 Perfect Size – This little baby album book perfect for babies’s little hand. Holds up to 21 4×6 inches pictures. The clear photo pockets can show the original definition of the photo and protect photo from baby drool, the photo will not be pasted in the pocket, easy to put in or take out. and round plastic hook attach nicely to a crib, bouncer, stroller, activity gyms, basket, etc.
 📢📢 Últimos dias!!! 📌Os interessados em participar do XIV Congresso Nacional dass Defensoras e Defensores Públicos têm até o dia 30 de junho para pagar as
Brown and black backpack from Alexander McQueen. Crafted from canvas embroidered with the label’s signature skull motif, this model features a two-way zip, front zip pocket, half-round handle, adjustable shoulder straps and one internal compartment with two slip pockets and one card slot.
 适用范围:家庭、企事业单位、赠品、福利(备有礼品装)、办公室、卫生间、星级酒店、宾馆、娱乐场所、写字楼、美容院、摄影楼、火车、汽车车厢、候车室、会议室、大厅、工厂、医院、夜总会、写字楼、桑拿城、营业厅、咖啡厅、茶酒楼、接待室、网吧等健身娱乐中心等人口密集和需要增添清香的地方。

□ □ □ □ □

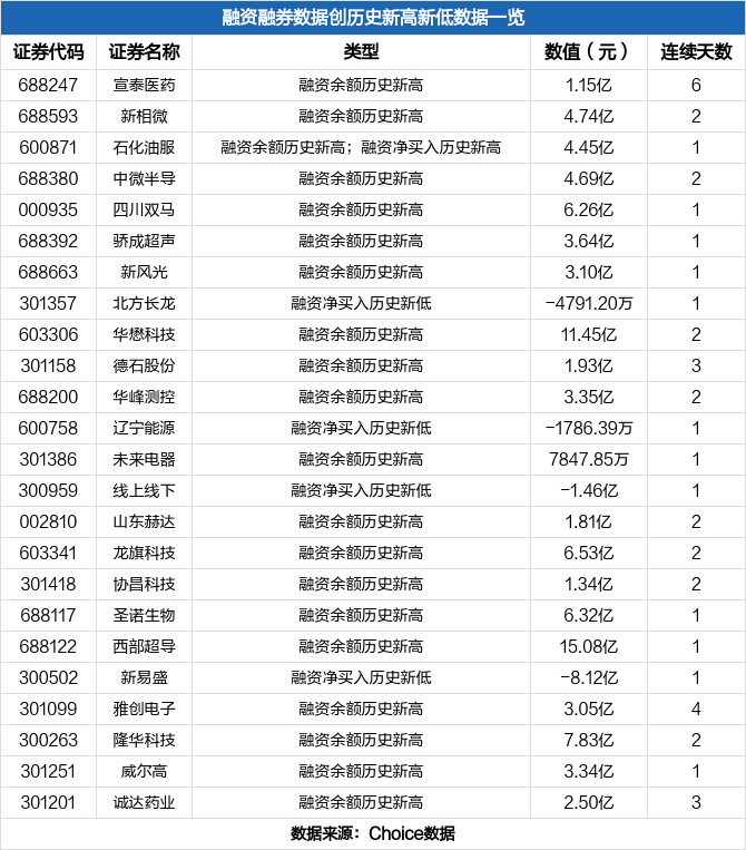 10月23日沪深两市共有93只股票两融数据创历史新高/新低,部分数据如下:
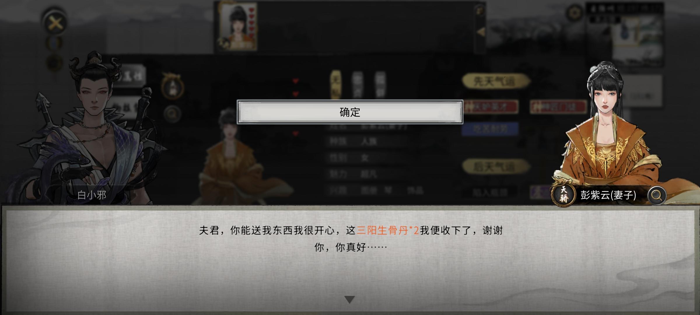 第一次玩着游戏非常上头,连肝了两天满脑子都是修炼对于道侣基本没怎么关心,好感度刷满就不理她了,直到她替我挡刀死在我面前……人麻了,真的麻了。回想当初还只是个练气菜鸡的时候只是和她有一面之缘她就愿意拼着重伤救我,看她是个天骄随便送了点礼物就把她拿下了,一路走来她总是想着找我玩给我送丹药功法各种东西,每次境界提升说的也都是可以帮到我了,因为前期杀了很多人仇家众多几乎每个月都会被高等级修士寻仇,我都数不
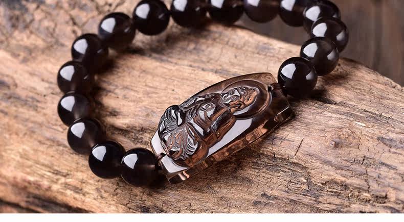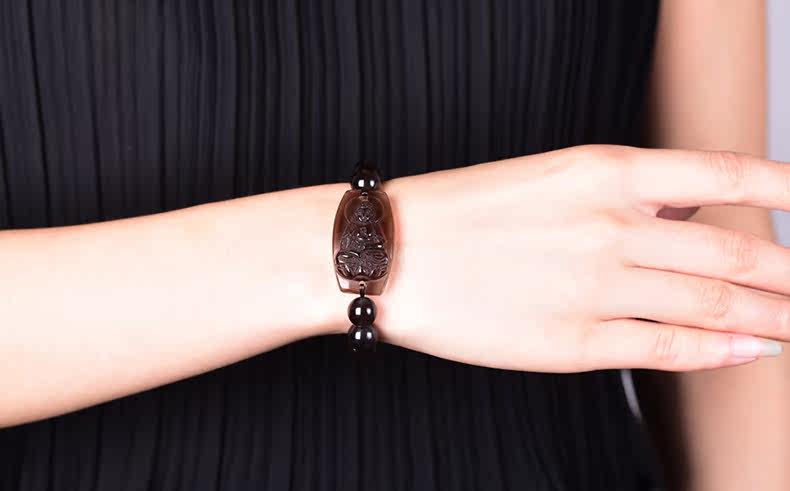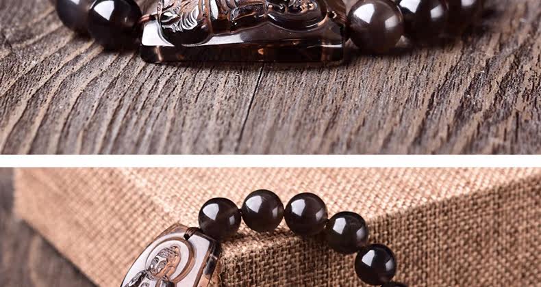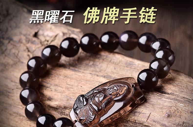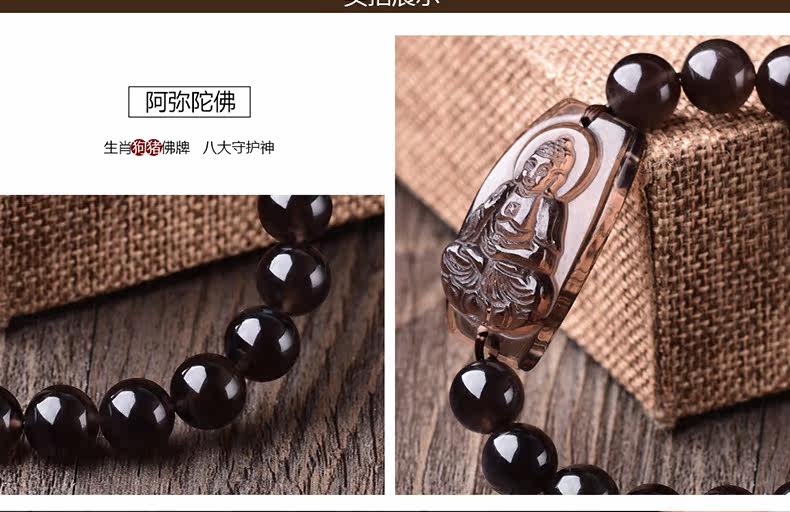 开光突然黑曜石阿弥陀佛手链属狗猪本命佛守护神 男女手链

□ □ □ □ □

▶ What to produce
What is needed is an exact copy of only the lines above from the one with "第一次玩着游戏非常上头,连肝" to the one with "开光突然黑曜石阿弥陀佛手链属狗猪本命佛守护神 男女手链", both kept, with every picture left out.

▶ Expected answer
 第一次玩着游戏非常上头,连肝了两天满脑子都是修炼对于道侣基本没怎么关心,好感度刷满就不理她了,直到她替我挡刀死在我面前……人麻了,真的麻了。回想当初还只是个练气菜鸡的时候只是和她有一面之缘她就愿意拼着重伤救我,看她是个天骄随便送了点礼物就把她拿下了,一路走来她总是想着找我玩给我送丹药功法各种东西,每次境界提升说的也都是可以帮到我了,因为前期杀了很多人仇家众多几乎每个月都会被高等级修士寻仇,我都数不
 开光突然黑曜石阿弥陀佛手链属狗猪本命佛守护神 男女手链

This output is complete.